Tuesday, September 27, 2016 | By: Anita

His Grace

It’s been a rough couple of days... 

Weeks...

Who am I kidding?

It’s been a rough couple of months.

I try to do enough to keep things from sinking. But I wonder… am I doing anything well?

I wonder ~ if I keep pushing myself to accomplish everything on my to-do list; surely that would fix everything.

Except 

that I know it wouldn’t.

I feel like I’m not doing anything well, but that doesn’t necessarily make it true. The fact that I have weaknesses doesn’t make everything about me weak. I have plenty of strengths.  One minute I’m determined to trust God. In the next, I feel myself slipping.

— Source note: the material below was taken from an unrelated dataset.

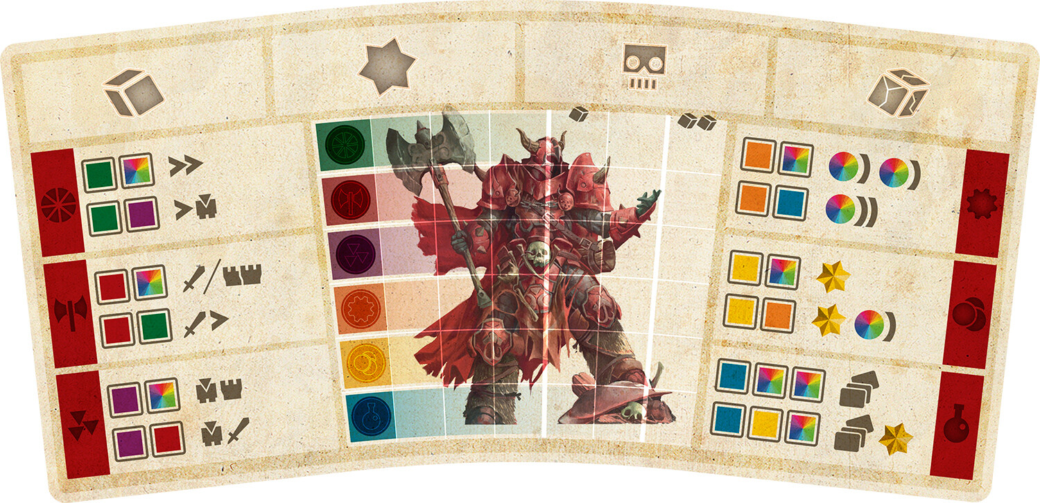 Au début, vous commencez avec un cube de chaque couleur dans votre sac. Chaque tour vous en tirerez 3 ce qui déterminera vos actions du tour. Mais plus vous vous perfectionnerez dans une discipline, plus vous allez acquérir de cubes de la couleur correspondante, et donc plus vous pourrez être puissant dans ce domaine.
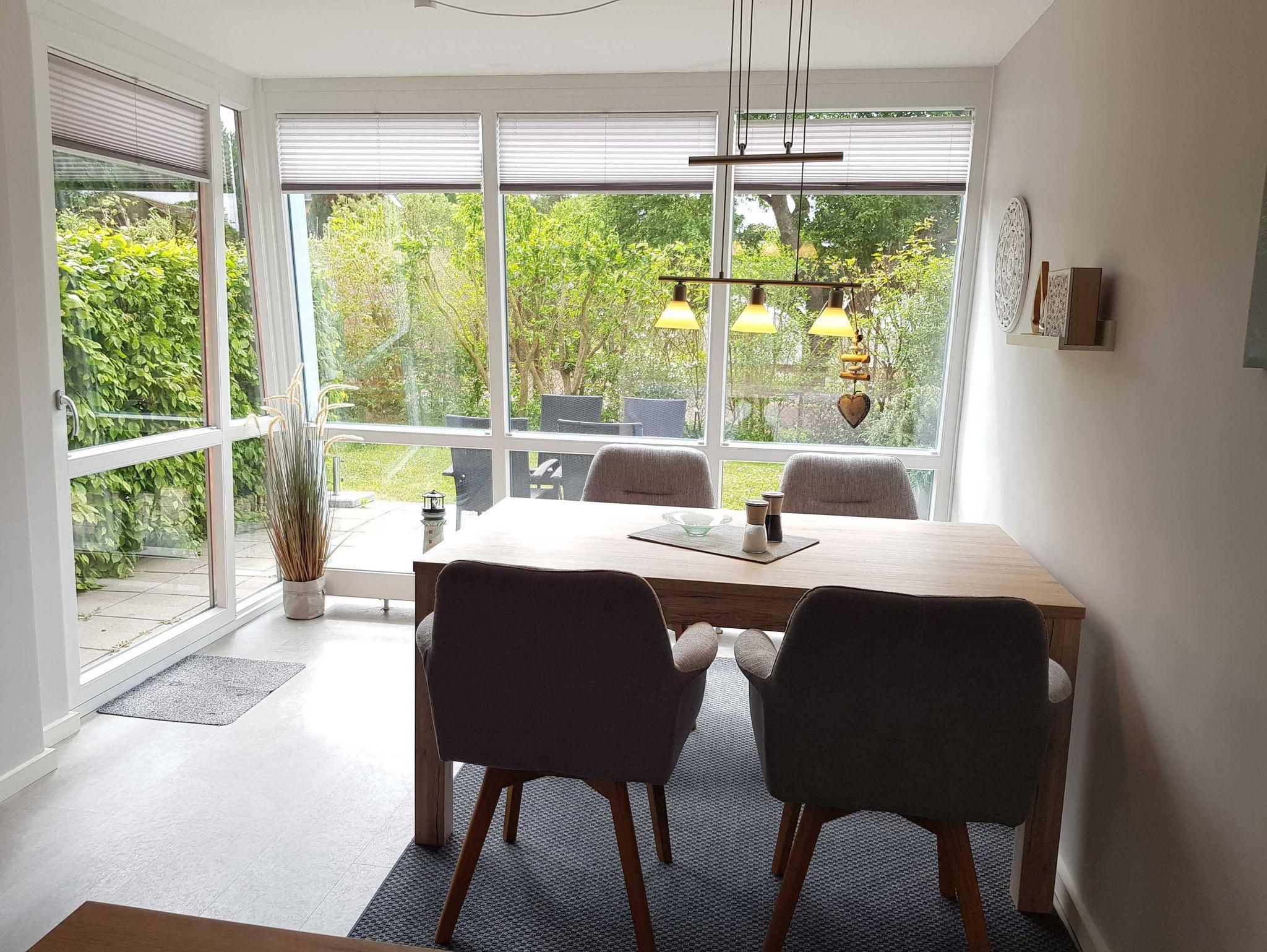 Liebevoll eingerichtete 2,5 Raum-Ferienwohnung (52m²) für bis zu 4 Personen im EG, mit Terrasse und gemütlichem Wintergarten im Wohnbereich, Sitzecke mit Flachbild-TV und Relaxstuhl, Essbereich im Wohnzimmer/Wintergarten.

The “why” questions tumble in so hard. 

Ever been there?

I'm trying to accept the fact that God has wired me in a specific way, and that “His grace is sufficient for you, for my power is made perfect in weakness.” 2 Corinthians 12:9 {New International Version {NIV}}

He knows the desires of my heart. His plans are good and perfect, and He has filled me with everything I’ll truly need.

So here's the thing I'm learning, despite the circumstances, and even the midst of it all, I'll continue to give Him thanks for all the good things, the bad things and the hope of things to come.

Take Care

1 comments:

Debra said...

Well this just made me want to watch LOST. When I saw the hand in the mirror it made me think of Charlie and the "not Penny's boat".
Plus your last comment is exactly how to sum up the entire six years. There was a lot of bad things, good things and hope.